# [Provided material]
══════════

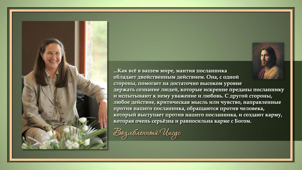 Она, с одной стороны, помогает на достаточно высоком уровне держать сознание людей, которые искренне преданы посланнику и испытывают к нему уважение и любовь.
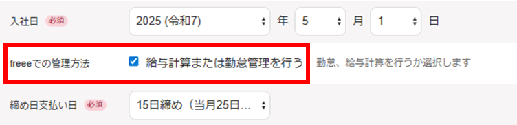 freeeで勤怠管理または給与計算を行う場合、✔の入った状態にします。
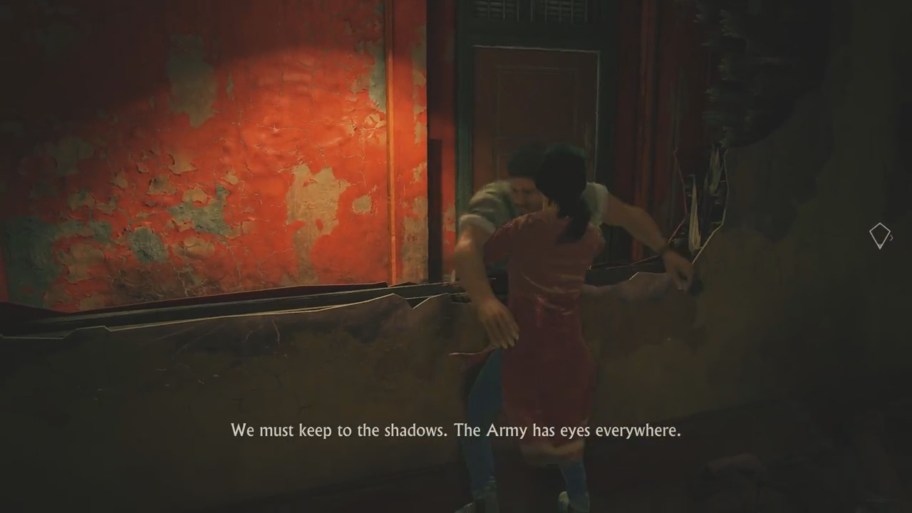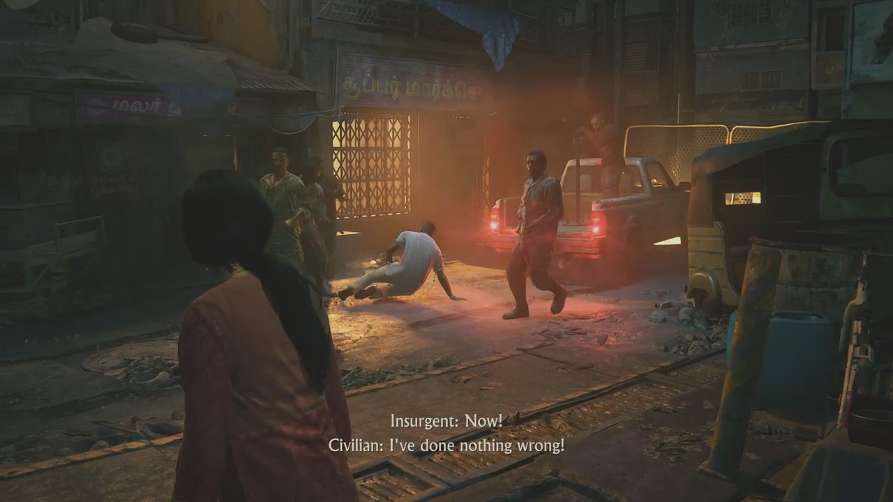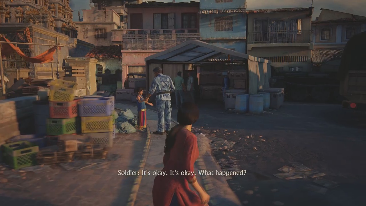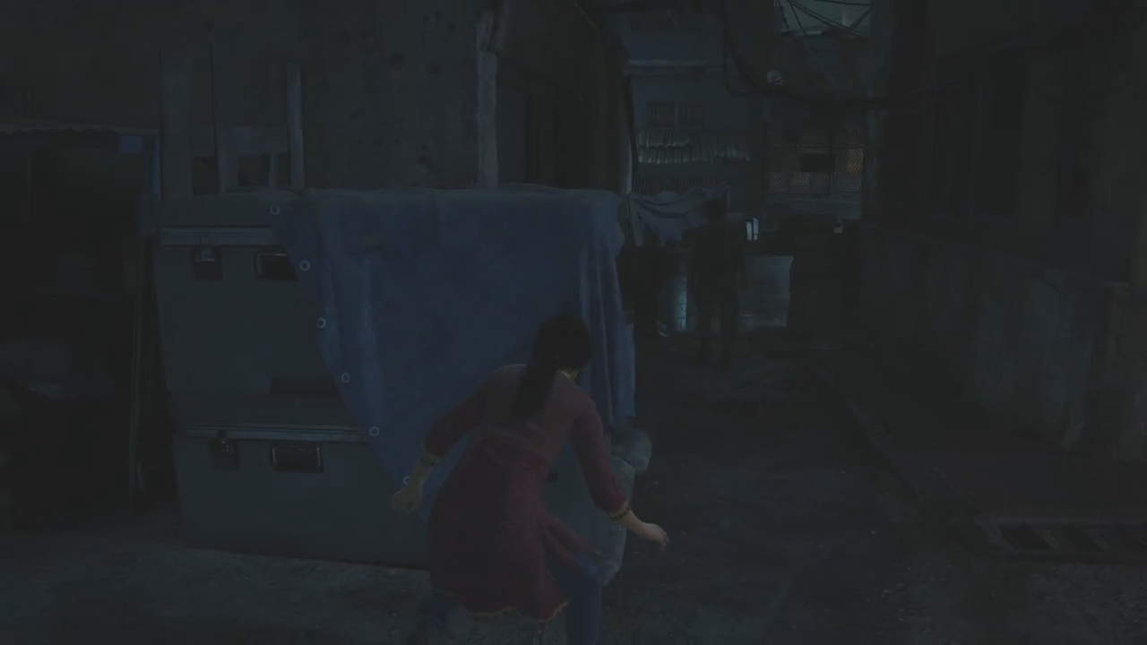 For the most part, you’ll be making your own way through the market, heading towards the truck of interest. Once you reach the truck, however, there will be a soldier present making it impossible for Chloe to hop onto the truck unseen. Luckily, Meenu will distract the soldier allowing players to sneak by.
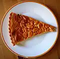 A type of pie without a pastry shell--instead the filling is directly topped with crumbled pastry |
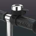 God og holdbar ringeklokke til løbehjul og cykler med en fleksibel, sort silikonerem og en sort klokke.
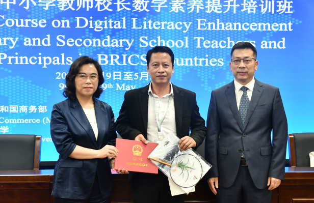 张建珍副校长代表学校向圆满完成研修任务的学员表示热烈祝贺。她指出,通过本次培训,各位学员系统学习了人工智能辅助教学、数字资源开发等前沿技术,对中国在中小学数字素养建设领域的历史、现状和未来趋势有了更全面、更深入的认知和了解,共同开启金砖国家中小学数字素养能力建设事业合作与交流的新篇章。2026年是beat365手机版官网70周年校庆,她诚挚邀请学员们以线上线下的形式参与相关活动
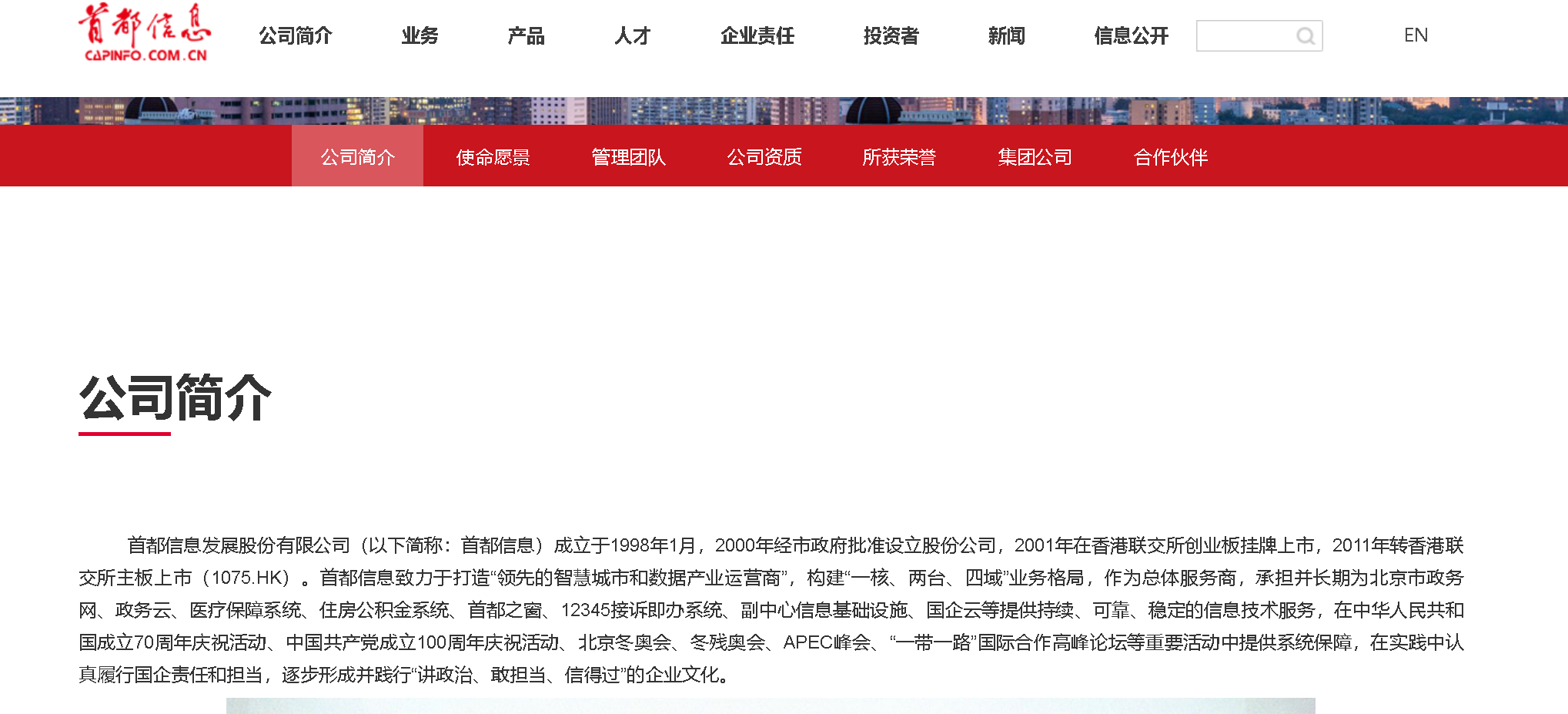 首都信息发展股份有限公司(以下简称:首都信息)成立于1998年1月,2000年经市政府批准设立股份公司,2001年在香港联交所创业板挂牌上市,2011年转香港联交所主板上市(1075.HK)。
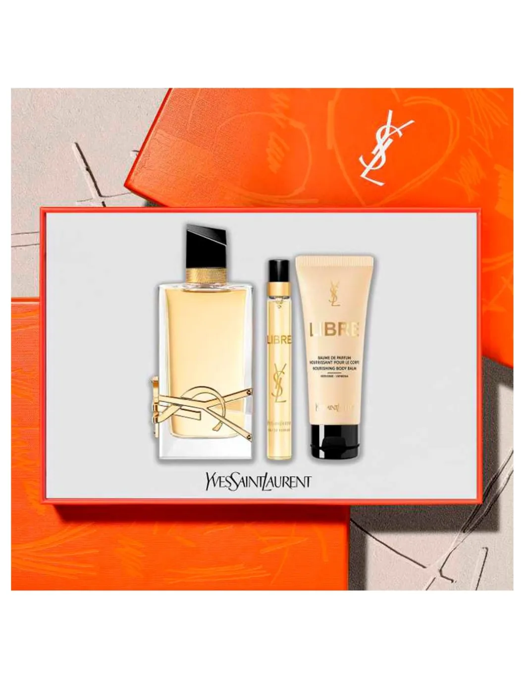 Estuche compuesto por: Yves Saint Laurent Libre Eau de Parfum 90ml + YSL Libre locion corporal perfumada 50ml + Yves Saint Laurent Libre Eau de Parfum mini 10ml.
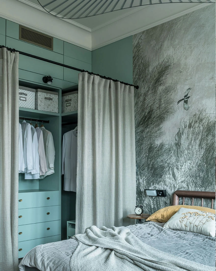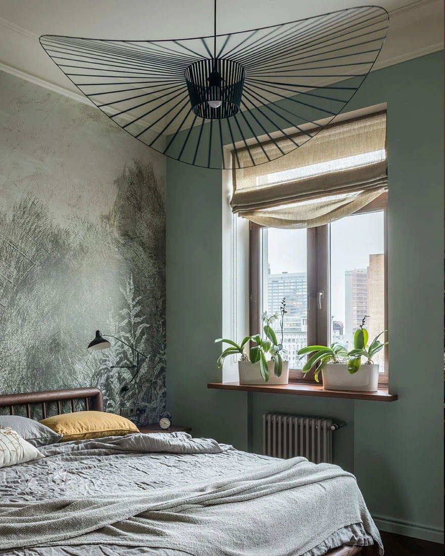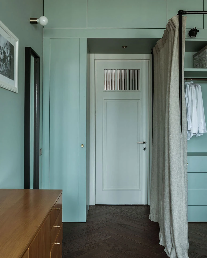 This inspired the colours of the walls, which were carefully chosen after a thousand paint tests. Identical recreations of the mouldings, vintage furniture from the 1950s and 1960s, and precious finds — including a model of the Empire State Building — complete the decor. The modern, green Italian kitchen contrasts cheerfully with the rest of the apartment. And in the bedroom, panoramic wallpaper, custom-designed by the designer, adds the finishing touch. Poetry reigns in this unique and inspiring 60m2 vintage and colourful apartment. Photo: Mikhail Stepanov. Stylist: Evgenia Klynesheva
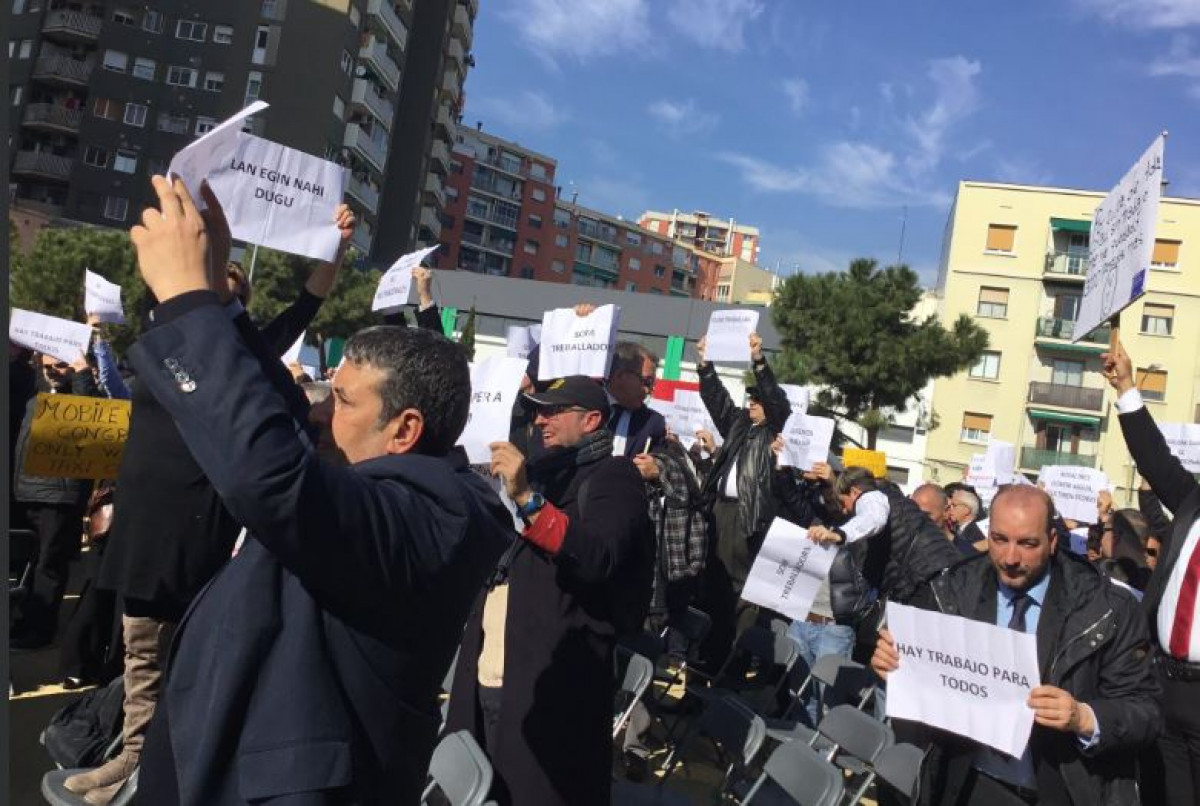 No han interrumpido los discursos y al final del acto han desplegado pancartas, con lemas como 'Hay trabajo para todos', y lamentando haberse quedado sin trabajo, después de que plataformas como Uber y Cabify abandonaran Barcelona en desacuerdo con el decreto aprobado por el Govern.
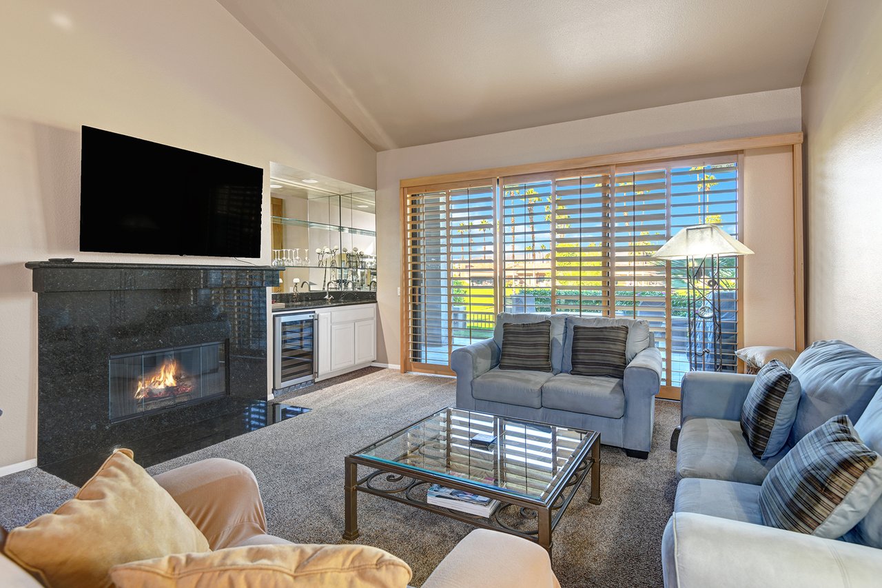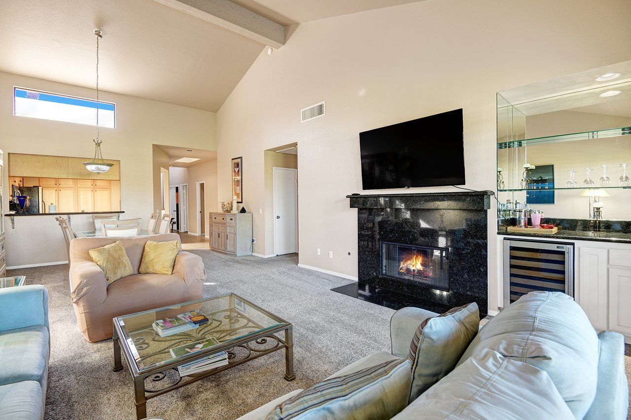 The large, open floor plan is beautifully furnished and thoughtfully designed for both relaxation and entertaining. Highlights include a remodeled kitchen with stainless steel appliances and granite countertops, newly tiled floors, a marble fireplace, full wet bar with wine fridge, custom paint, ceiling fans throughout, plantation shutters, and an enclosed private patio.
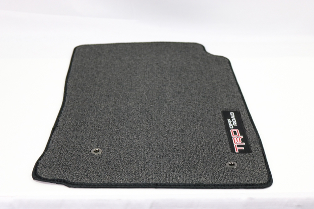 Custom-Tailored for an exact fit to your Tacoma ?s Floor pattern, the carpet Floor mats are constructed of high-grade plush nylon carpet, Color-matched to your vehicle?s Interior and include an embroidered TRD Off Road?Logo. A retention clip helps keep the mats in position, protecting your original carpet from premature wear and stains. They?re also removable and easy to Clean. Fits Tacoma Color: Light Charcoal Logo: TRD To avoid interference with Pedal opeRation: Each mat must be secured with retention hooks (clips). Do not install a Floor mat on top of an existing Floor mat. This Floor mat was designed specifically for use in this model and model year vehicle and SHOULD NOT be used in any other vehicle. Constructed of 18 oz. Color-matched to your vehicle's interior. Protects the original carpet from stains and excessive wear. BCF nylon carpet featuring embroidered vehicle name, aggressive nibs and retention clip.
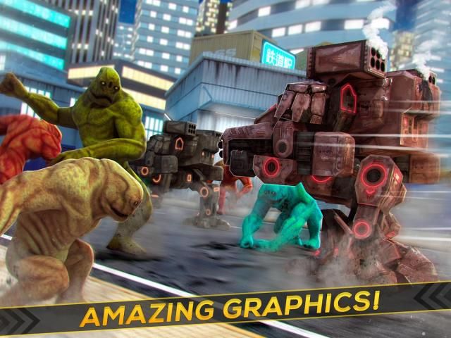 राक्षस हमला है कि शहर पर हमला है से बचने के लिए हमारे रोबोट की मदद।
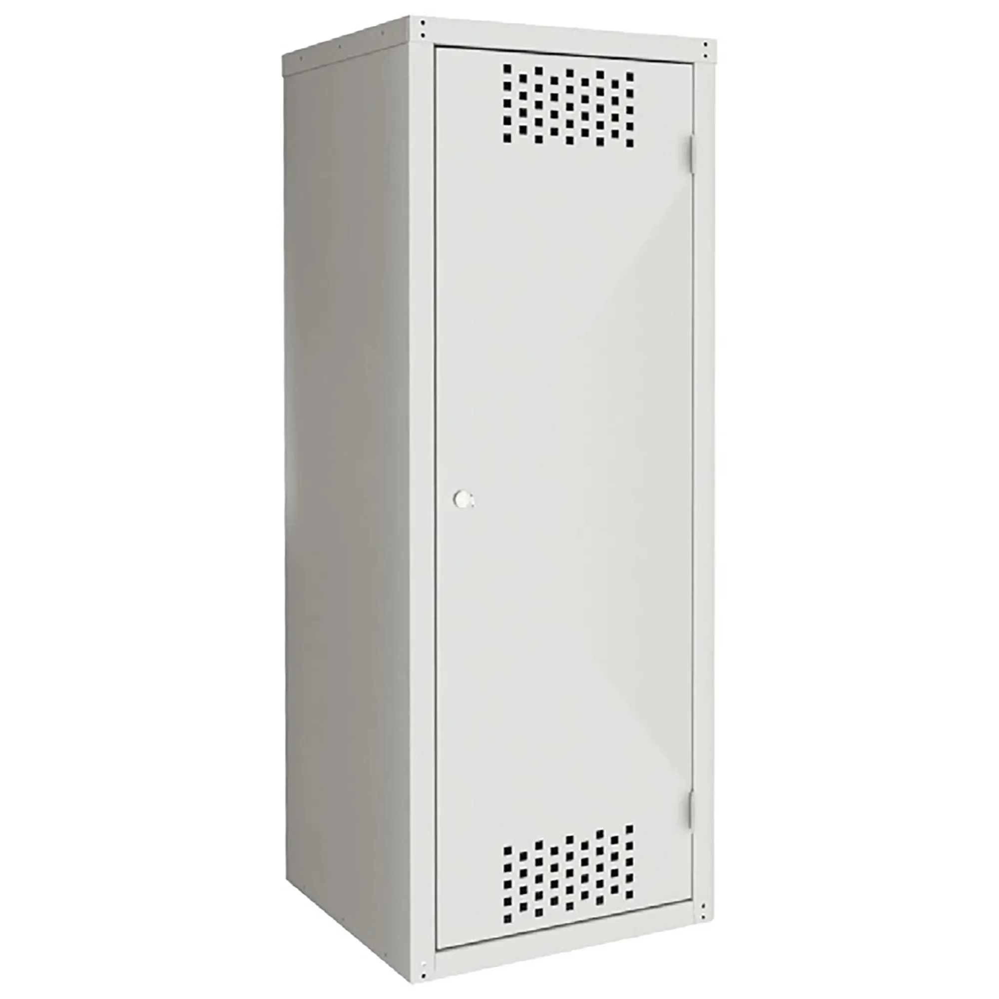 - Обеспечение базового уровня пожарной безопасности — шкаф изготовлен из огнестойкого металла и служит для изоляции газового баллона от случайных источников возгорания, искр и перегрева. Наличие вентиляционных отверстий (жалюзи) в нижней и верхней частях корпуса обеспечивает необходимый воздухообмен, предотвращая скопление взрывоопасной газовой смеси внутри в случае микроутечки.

══════════

# [Your goal]
Reproduce exactly the lines of the data above that run from the line with "Estuche compuesto por: Yves" down to the line with "No han interrumpido", both ends included. Pictures do not belong in the copy.

# [Answer section]
 Estuche compuesto por: Yves Saint Laurent Libre Eau de Parfum 90ml + YSL Libre locion corporal perfumada 50ml + Yves Saint Laurent Libre Eau de Parfum mini 10ml.
 This inspired the colours of the walls, which were carefully chosen after a thousand paint tests. Identical recreations of the mouldings, vintage furniture from the 1950s and 1960s, and precious finds — including a model of the Empire State Building — complete the decor. The modern, green Italian kitchen contrasts cheerfully with the rest of the apartment. And in the bedroom, panoramic wallpaper, custom-designed by the designer, adds the finishing touch. Poetry reigns in this unique and inspiring 60m2 vintage and colourful apartment. Photo: Mikhail Stepanov. Stylist: Evgenia Klynesheva
 No han interrumpido los discursos y al final del acto han desplegado pancartas, con lemas como 'Hay trabajo para todos', y lamentando haberse quedado sin trabajo, después de que plataformas como Uber y Cabify abandonaran Barcelona en desacuerdo con el decreto aprobado por el Govern.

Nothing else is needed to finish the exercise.